» WORK INSTRUCTIONS: Every line from the one with "การใช้งานกล้องถ่ายภาพของสมาร์ตโฟน HONOR 70" through the end of the material below, both ends included, should be transcribed exactly, without pictures.

*** AVAILABLE DATA ***

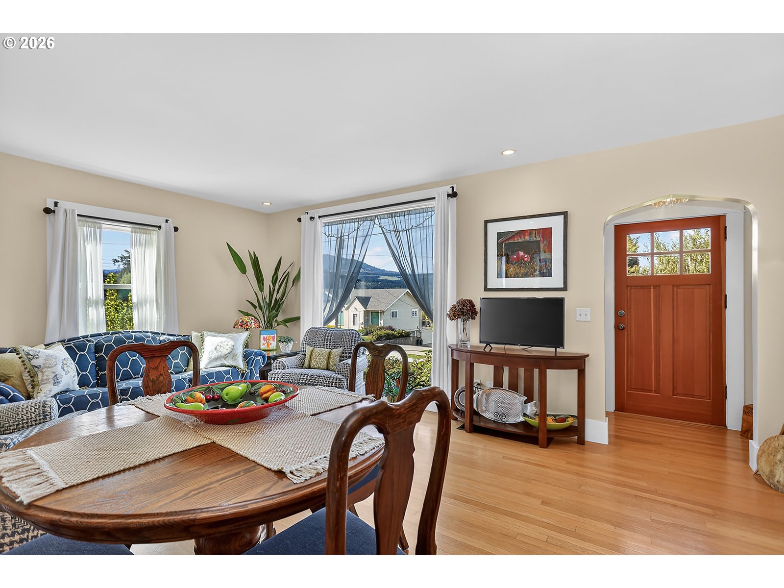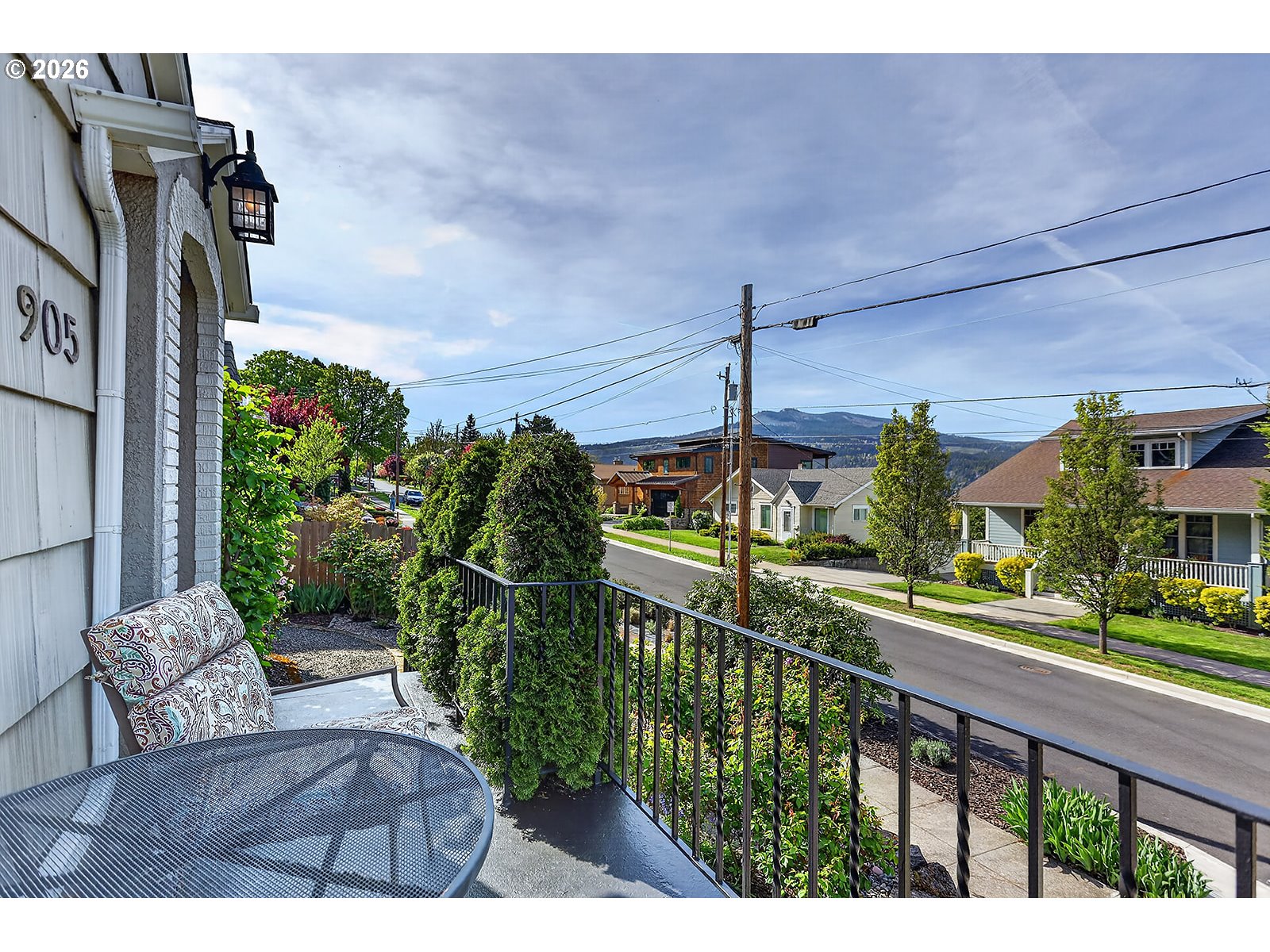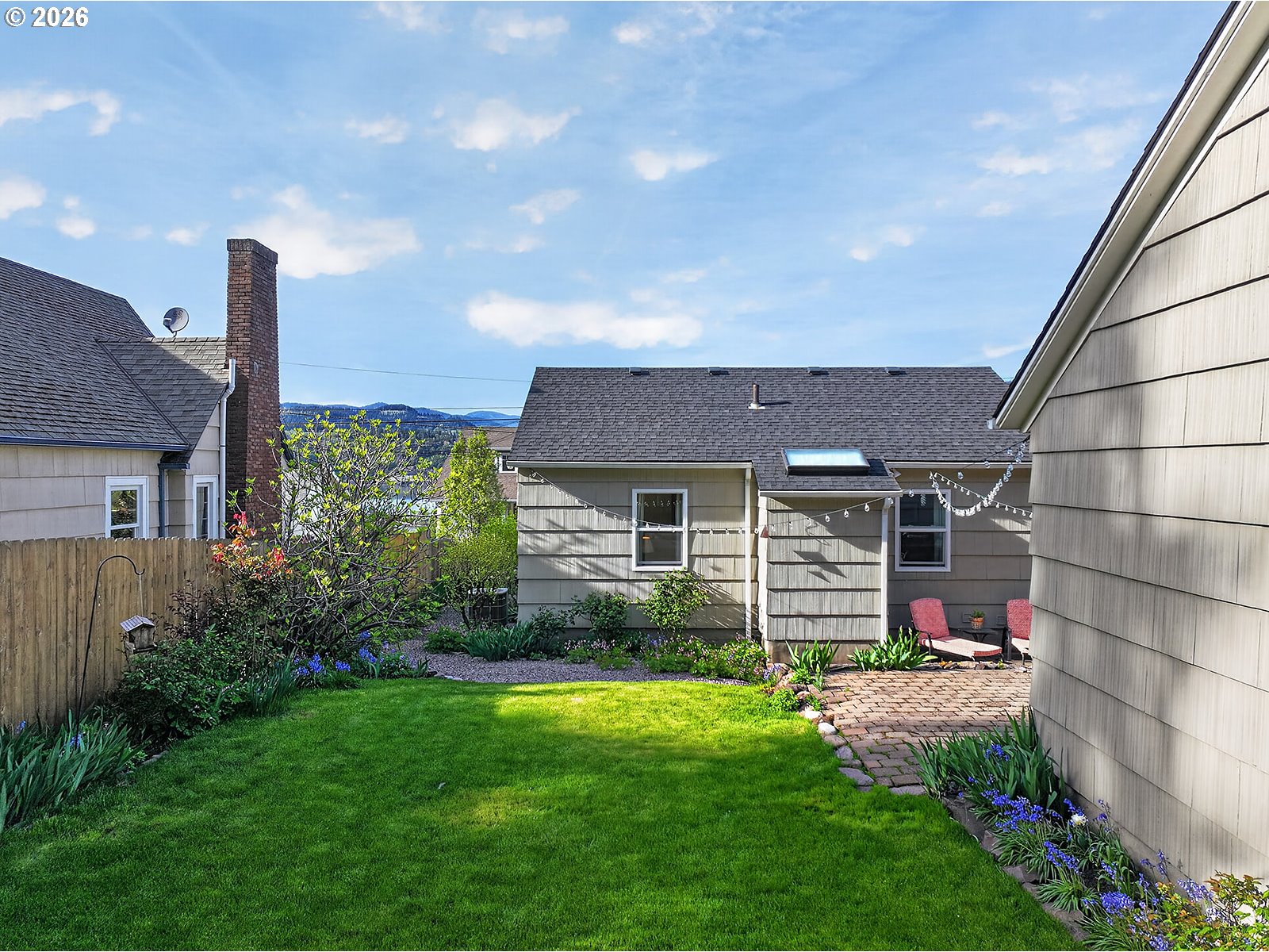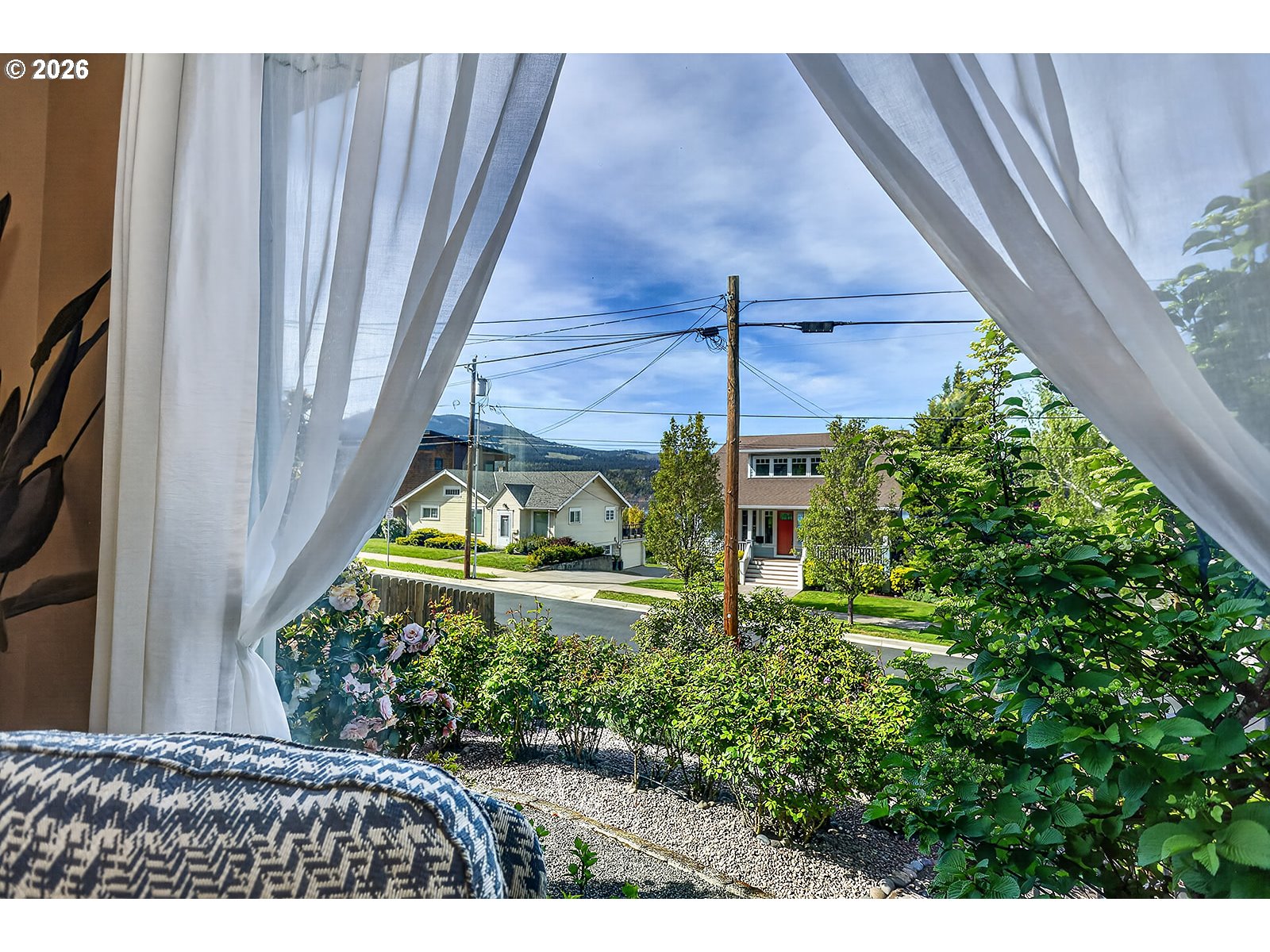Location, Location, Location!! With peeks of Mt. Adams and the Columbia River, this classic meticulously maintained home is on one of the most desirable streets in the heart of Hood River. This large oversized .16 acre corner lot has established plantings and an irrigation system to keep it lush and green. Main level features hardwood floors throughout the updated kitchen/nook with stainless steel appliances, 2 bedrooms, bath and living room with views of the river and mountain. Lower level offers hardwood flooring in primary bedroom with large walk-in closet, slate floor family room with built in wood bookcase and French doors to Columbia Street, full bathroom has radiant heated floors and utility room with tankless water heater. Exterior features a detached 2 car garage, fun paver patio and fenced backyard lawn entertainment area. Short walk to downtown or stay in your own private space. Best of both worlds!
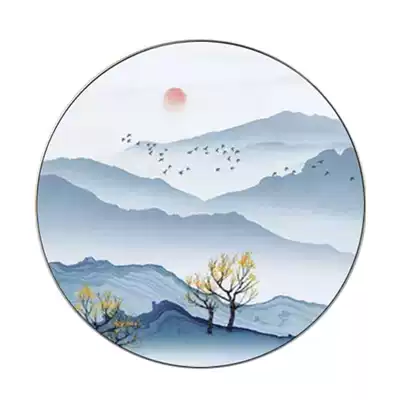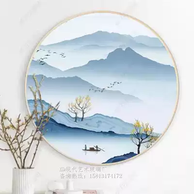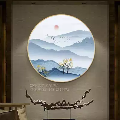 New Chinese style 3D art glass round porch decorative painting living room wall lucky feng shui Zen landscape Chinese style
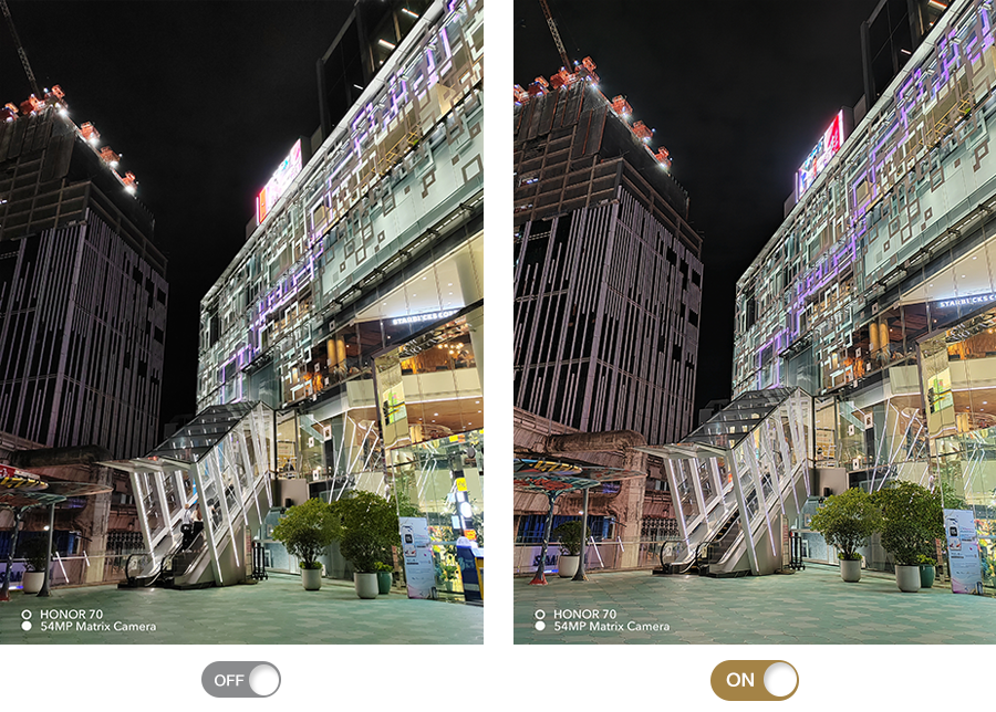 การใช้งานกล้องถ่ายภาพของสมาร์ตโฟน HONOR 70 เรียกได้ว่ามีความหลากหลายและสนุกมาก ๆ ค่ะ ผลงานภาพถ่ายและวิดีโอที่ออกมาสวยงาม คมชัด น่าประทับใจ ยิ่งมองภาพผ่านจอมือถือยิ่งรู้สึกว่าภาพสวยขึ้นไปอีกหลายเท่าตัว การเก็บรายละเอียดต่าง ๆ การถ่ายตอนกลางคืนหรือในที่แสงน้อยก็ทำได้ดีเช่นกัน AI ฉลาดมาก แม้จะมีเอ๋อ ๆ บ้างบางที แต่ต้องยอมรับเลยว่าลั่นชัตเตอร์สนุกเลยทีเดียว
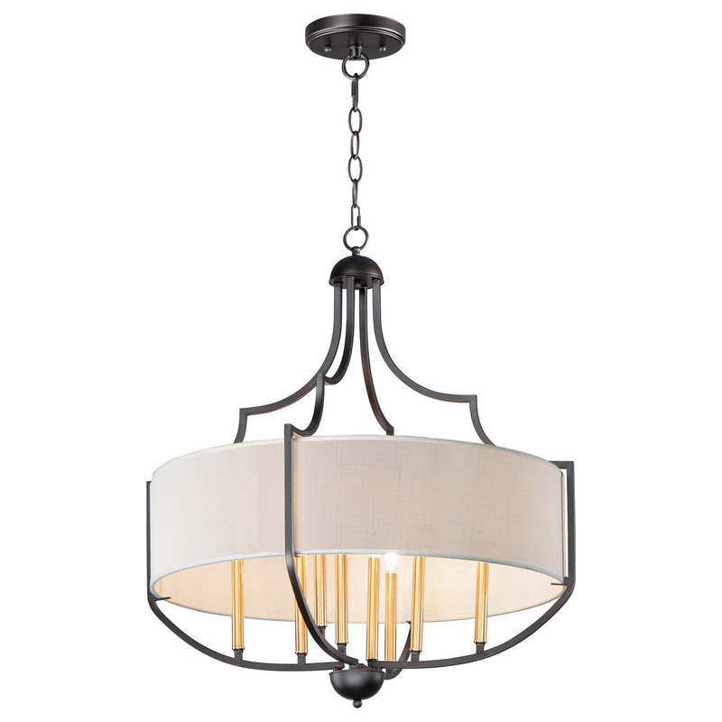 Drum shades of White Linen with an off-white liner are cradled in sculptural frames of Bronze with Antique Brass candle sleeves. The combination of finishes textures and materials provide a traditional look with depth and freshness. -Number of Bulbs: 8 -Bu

***

» YOUR RESPONSE:
 การใช้งานกล้องถ่ายภาพของสมาร์ตโฟน HONOR 70 เรียกได้ว่ามีความหลากหลายและสนุกมาก ๆ ค่ะ ผลงานภาพถ่ายและวิดีโอที่ออกมาสวยงาม คมชัด น่าประทับใจ ยิ่งมองภาพผ่านจอมือถือยิ่งรู้สึกว่าภาพสวยขึ้นไปอีกหลายเท่าตัว การเก็บรายละเอียดต่าง ๆ การถ่ายตอนกลางคืนหรือในที่แสงน้อยก็ทำได้ดีเช่นกัน AI ฉลาดมาก แม้จะมีเอ๋อ ๆ บ้างบางที แต่ต้องยอมรับเลยว่าลั่นชัตเตอร์สนุกเลยทีเดียว
 Drum shades of White Linen with an off-white liner are cradled in sculptural frames of Bronze with Antique Brass candle sleeves. The combination of finishes textures and materials provide a traditional look with depth and freshness. -Number of Bulbs: 8 -Bu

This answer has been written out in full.